Using Timed Exit Strategies
This is a fairly straightforward method. Before you take a position, you should determine the length of time you wish to remain in the trade. This could be based on personal issues, such as time limitations, or based on technical data. If you make use of technical timing to exit a trade, it may require you to exit at the end of the Asian or US session. At times it may make use of averages. If, for example, you determine the average day trend lasts for about four hours in a pair before it starts a reversal, you can make use of this as a time constraint on that position. You will have to exit once four hours from the commencement of the trend has passed. You could use the Fibonacci time zone indicator. You may also choose to exit a trade before a major news announcement is due.
Exits Based on Trading Strategies
If you run on a finely tuned strategy, you require a finely tuned exit method. This may include a combination of exit forex strategies, or a specific exit for various situations. An example is a strategy for when there are major news announcements such as the non-farm payroll report. In pairs that include the US dollar, this announcement could cause big swings. You may want to capitalise on the movement in your currency pair when this report becomes available. Once publication of the report has passed, you will have no need to hang on to your pair as it was based on the outcome of that report.
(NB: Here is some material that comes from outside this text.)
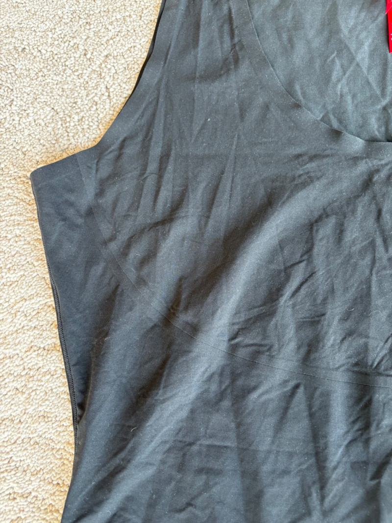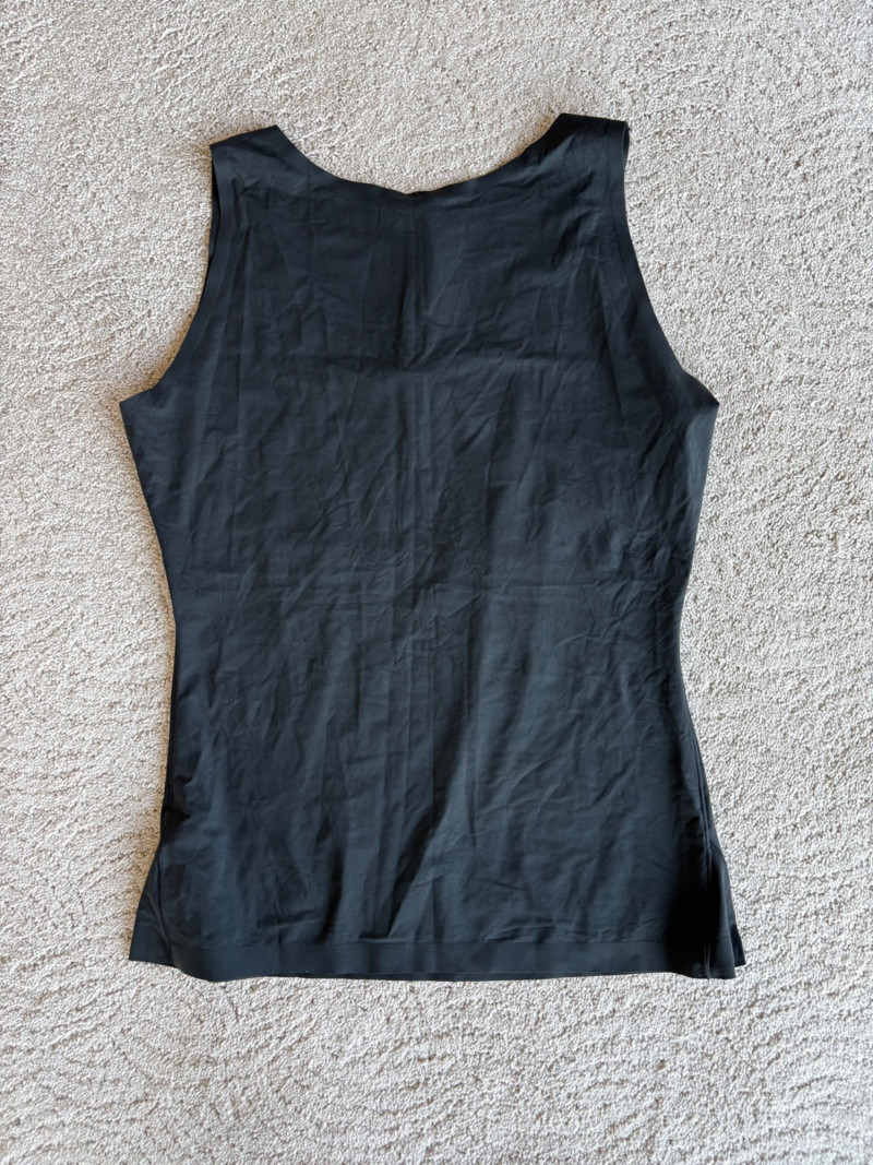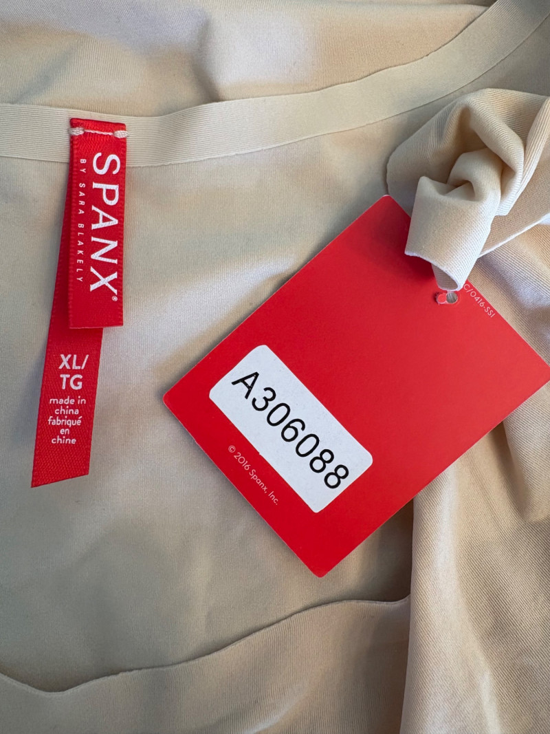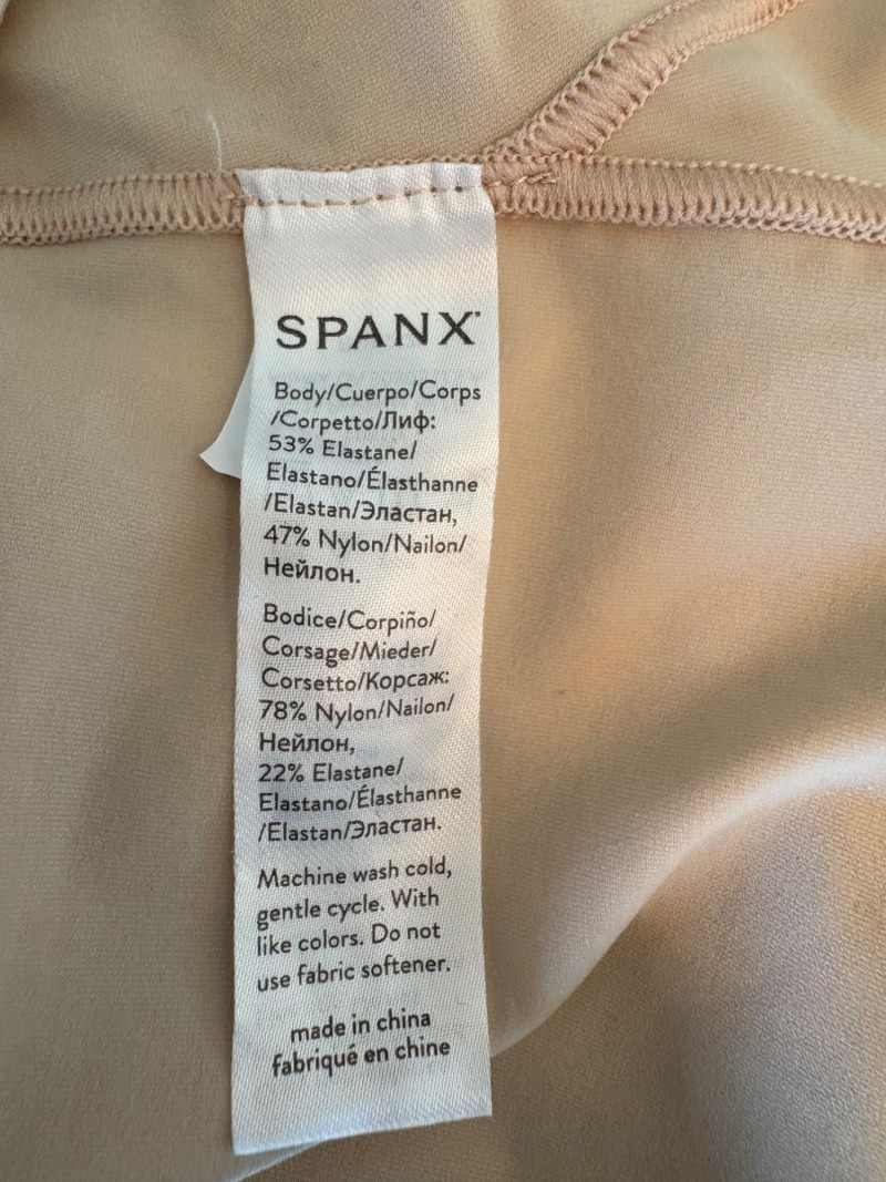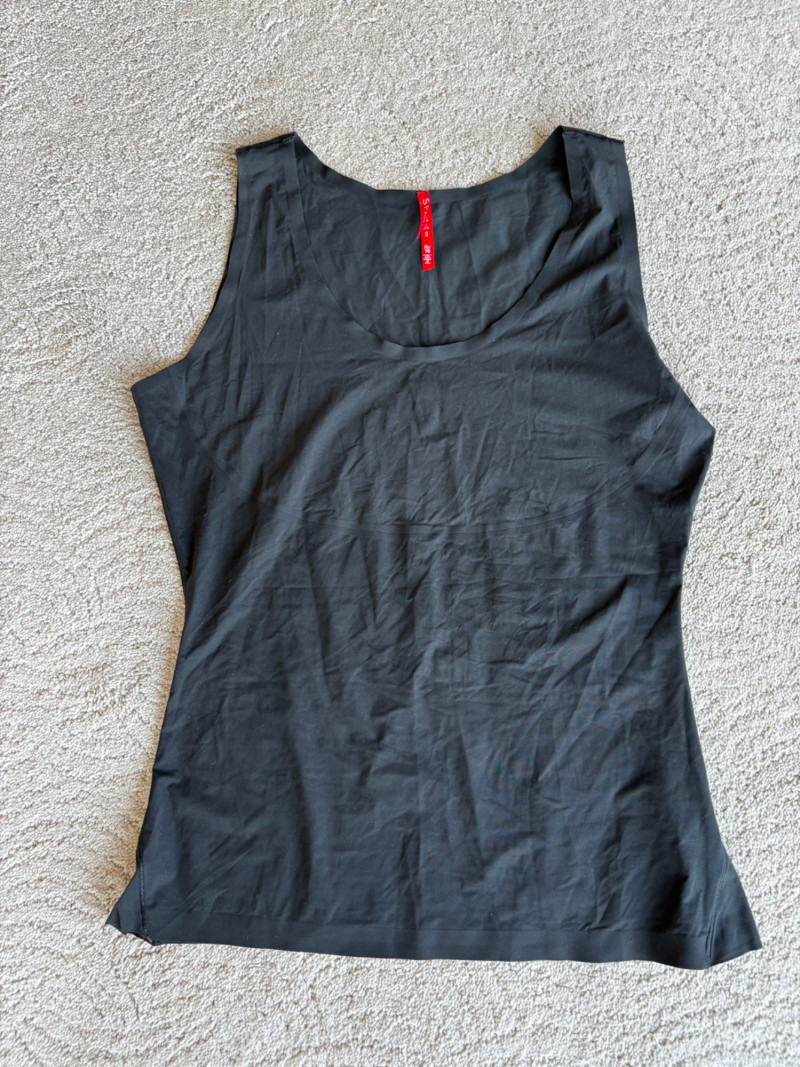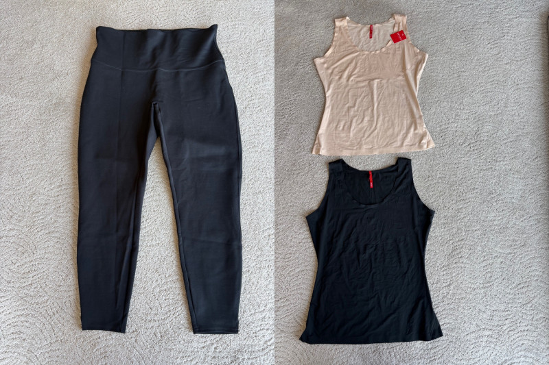 3 pieces of shapewear from Spanx! All appear to be virtually unused (black items) or new (beige shaper). Black pants/lower body shaper look like yoga pants, but are definitely super compressing - they feel strong like iron but slick so your garments move across the fabric easily. Gusset crotch and split hem. Rayon/nylon/elastane blend. Measures 17" side to side at waist (remember all measurements in our auctions are unstretched). Size tag says 1X. Black torso shaper has low curved neckline, shaped bust weave, and split hem. Elastane/nylon blend. Measures 18.5" pit to pit. Size tag says XL. Beige torso shaper is the same design and size as the black one above, but is new with tag.

In this case you may have a range of exits that you could use. The first one could be a stop-loss which sets a maximum loss you are willing to absorb. You could use a trailing stop which is when the rate moves in your direction, you set a stop. An alternative strategy could be to lock in your profits in the instance where it is possible for the trend to be reversed.
It is important for you to have exit strategies in place based on the different scenarios that could take place.